Regarding the divestiture of our Divide County Bakken assets, we had a large number of participants in our sale process and ended up scheduling more data room visits and presentations than we had anticipated, which resulted in us pushing our bid date back a few days.
We still expect to be able to complete this process by midyear.
So as I said in my opening summary, higher production and lower CapEx drove excellent results for the quarter.
Clearly, our successes in optimizing drilling and completion technologies are already showing up in well performance.
And efforts to drive cost efficiencies are showing up in our capital spend.
I'll now turn the call over to Herb who will give you some more color behind these efforts.
Herb?
Herbert S. Vogel - EVP of Operations
Thanks, Wade, and good morning, everyone.
As Wade just described, we completed a very successful quarter, delivering on our production and cost targets while at the same time significantly increasing our activity level.
We are putting the pieces in place for our expanded 2018 program, which as we've laid out is expected to deliver significant production growth, margin expansion and increased capital efficiency.
And we're quickly and successfully ramping up our activities.
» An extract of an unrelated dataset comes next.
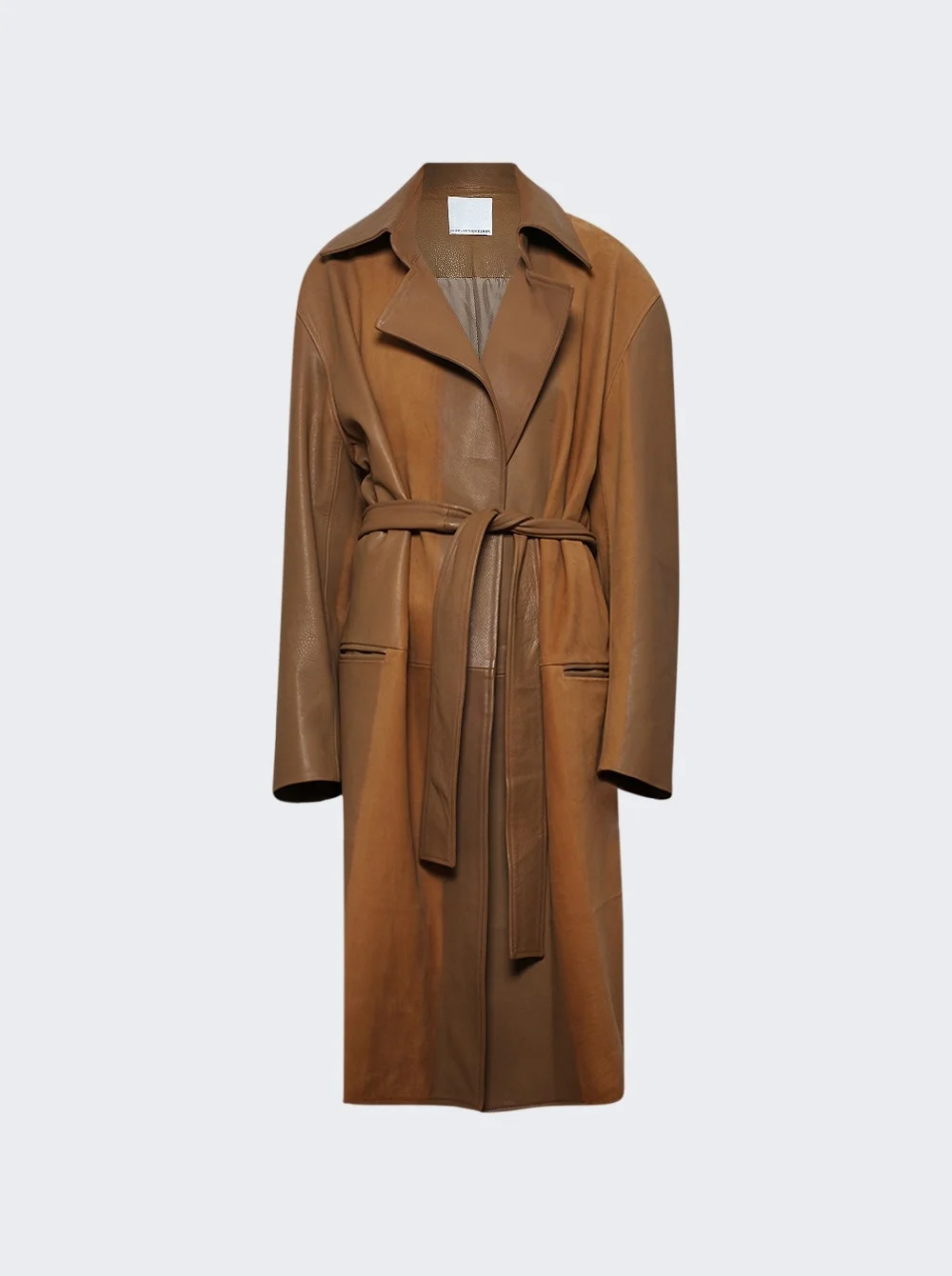 Details - Relaxed fit - Long sleeves - Removable tie belt - Welt pockets on the front - Midi length - Care according to label - Model is 5'9"/175cm and is wearing a size AU8 - Material:100% LAMBSKIN, 100% CUPRO Brand Style: 24046322 Designer/Brand: CHRISTOPHER ESBER

At the end of the fourth quarter, we were running 4 rigs and 1 frac spread in the Midland Basin and Eagle Ford.
Now only 4 months later, we are running 8 rigs and 4 frac spreads in the same core plays.
And we are getting top-quality contractors.
Also importantly, as I'll show, we are bringing on some outstanding wells in both plays.
Today, I'm going to cover 3 topics.
First, as Wade mentioned, I'll give a little more color behind our production beat in the first quarter.
Second, we'll provide some examples of what we're doing technically to improve our operations in the areas that really matter.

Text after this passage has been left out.